An idea for a theme, with a worried feeling... not sure about the eq/reverb, and last chord might be more surprising, maybe? F# major? Who cares, it will go into the basket of unused ideas anyway...  

http://www.robertosoggetti.com/misgiving.mp3

score:

http://www.robertosoggetti.com/misgiving.pdf


----------



## Guy Bacos (Sep 8, 2010)

That's a very nice string demo Rob, it should be on Cinematic strings website. The harmony is lovely. The low notes in the 2nd half, even though I see the effect you wanted, sounded more like a low rumble, a little too distant from what's going on at the top. Maybe not as deep the sub notes?


----------



## Rob (Sep 8, 2010)

thank you Guy! The low rumble, if I understand what you are referring to, is a timpani tremolo, it should add to the uneasy feeling  The harmony at that point is however a bit muddy, as there's a e-b fifth in the cbasses, c# timpani roll, and B-7/B-7b5/F#-7/GdimΔ on violins/violas with celli doubling 1st violins 1 octave lower... thanks again for listening!


----------



## Alex Temple (Sep 8, 2010)

I've always liked this kind of writing and I think you do a terrific job here. I just wish it were longer!


----------



## EthanStoller (Sep 8, 2010)

Wow, excellent piece! Both the composition and the execution of the MIDI mock-up are top tier. I love the way the music tells a story.


----------



## Rob (Sep 8, 2010)

Alex Temple @ 8th September 2010 said:


> I've always liked this kind of writing and I think you do a terrific job here. I just wish it were longer!

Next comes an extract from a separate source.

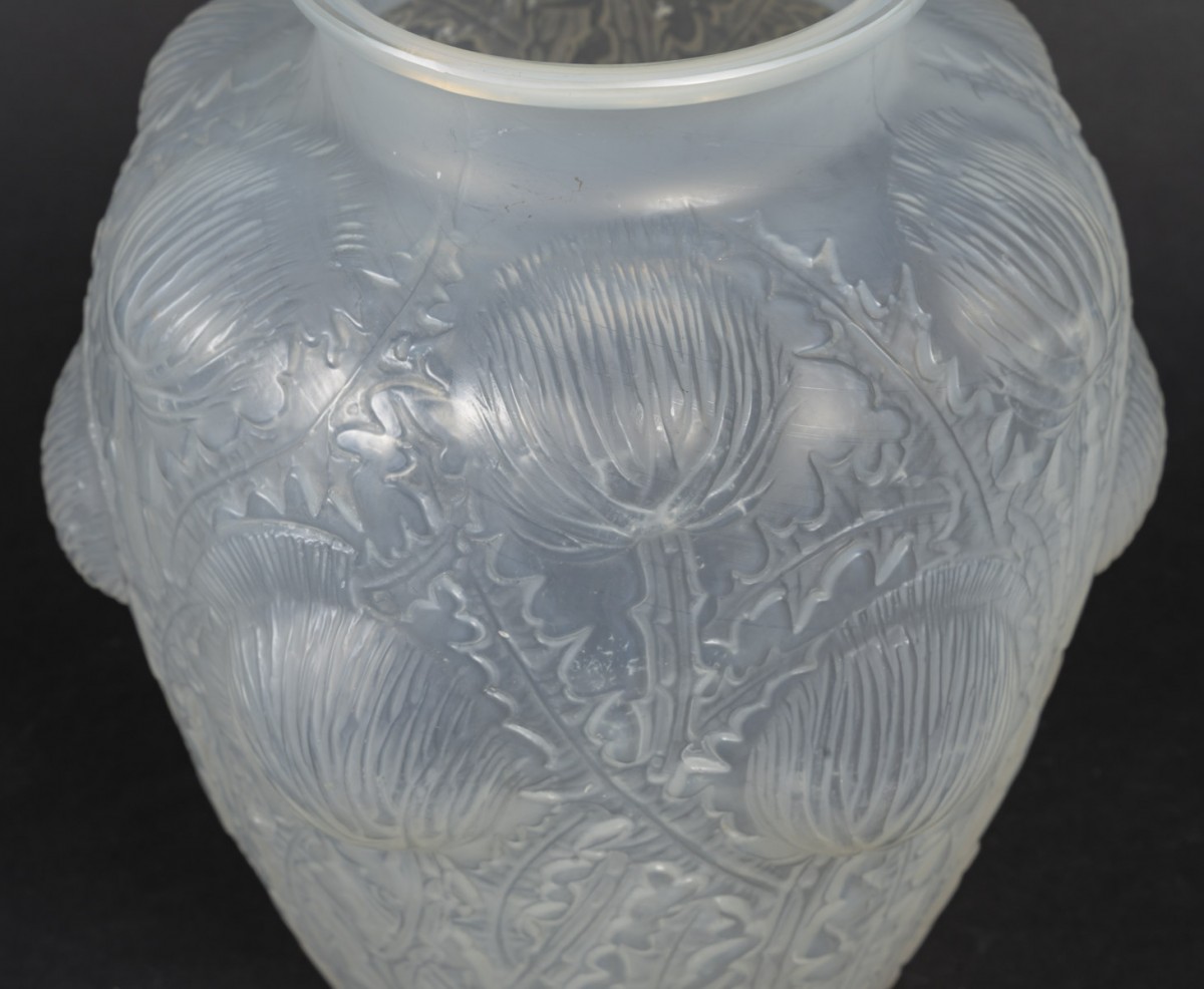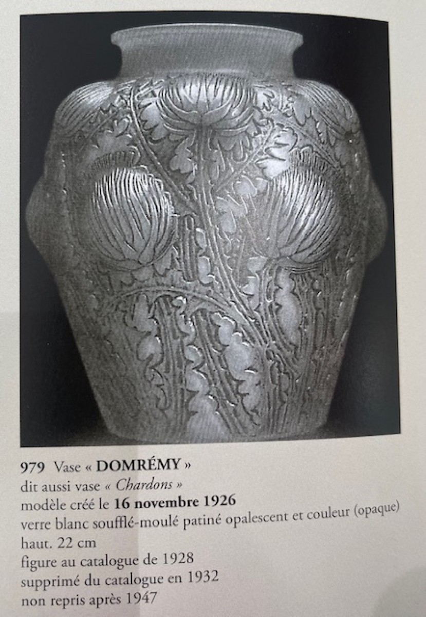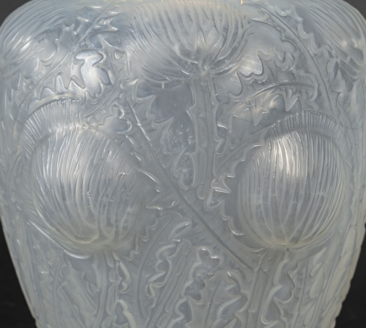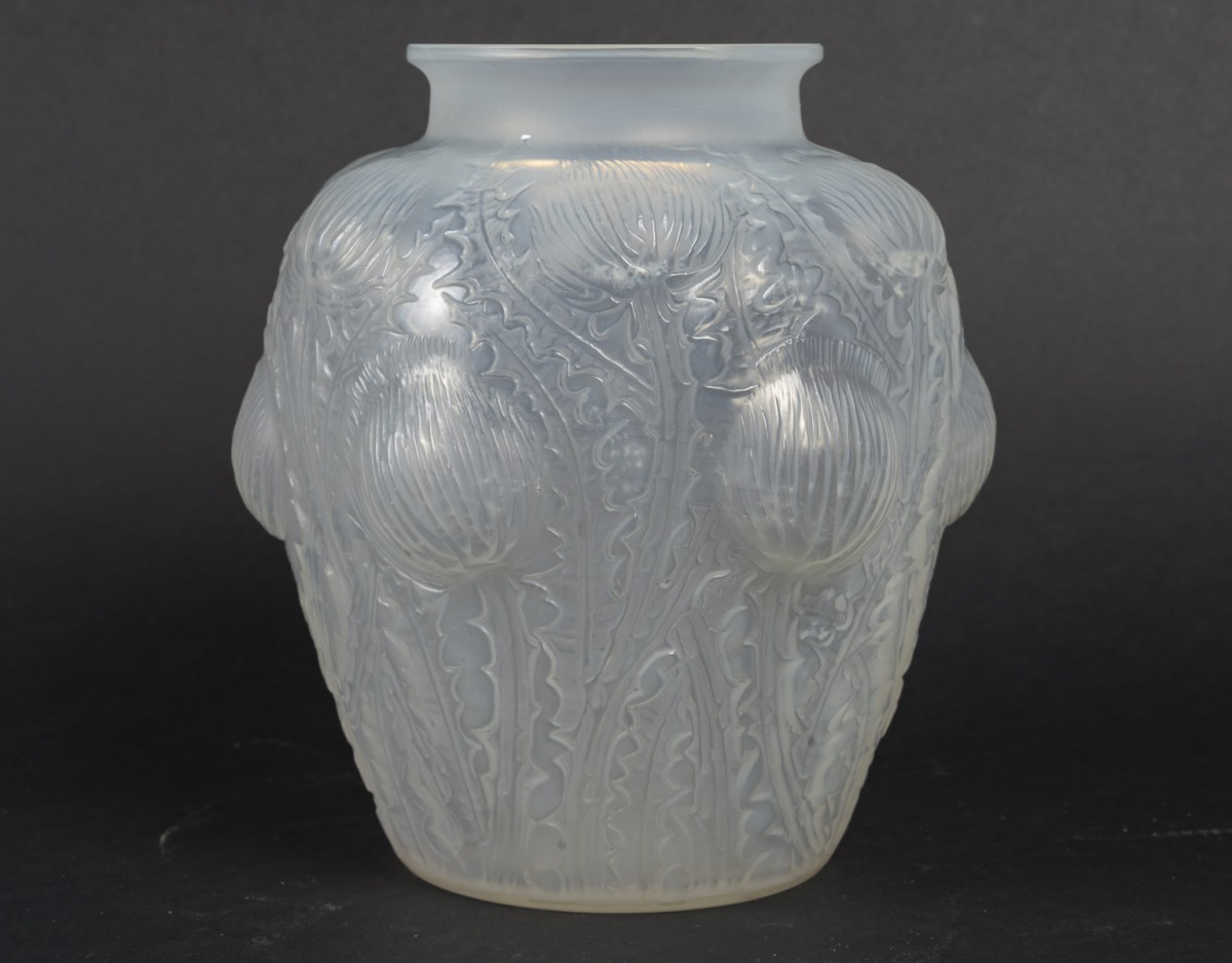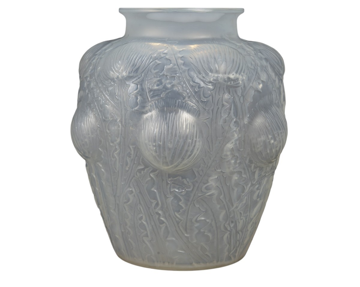 Vase “Domrémy” dit aussi « aux Chardons » créé le 16 novembre 1926 modèle en verre blanc soufflé, moulé, patiné opalescent et couleur (opaque).

thanks Alex, you're one of my favourite "digital musicians" and composer, so your comment is much appreciated!


----------



## Rob (Sep 8, 2010)

EthanStoller @ 8th September 2010 said:


> Wow, excellent piece! Both the composition and the execution of the MIDI mock-up are top tier. I love the way the music tells a story.



thanks a lot Ethan! Like most of the short pieces I do for exercise or fun this comes out of an improvised melody; I think this gives the line a natural flow...


----------



## poseur (Sep 8, 2010)

very enjoyable, that.
would love to hear its expansion/exposition into a complete piece, myself!

d


----------



## Frederick Russ (Sep 8, 2010)

Lovely Rob, stellar writing and great midi mock-up!


----------



## Pzy-Clone (Sep 8, 2010)

Loves it!  

I have a soft spot for both Cinematic Strings and your writing Rob, you always seem to be able to transcend cliche`s without sounding too contrived.

And Cinematic Strings truly shines, and certaintly this demo did not alter that.
...it might even have moved it up a few notches on the dreaded "must have" list


----------



## Dave Connor (Sep 8, 2010)

Beautiful stuff there Rob.


----------



## Marius Masalar (Sep 8, 2010)

It's gorgeous, Rob! I always look forward to new things from you and even this little snippet is engaging and sophisticated.

I have some issues with the mix and I'm having a difficult time articulating what they are. I thought at first that maybe it's too dry but on further listening I don't think that's the case. The culprit might be the EQ. I especially notice the bothersome element when the entire ensemble is playing together more loudly — the sound feels somewhat crushed or strained as the sections come together.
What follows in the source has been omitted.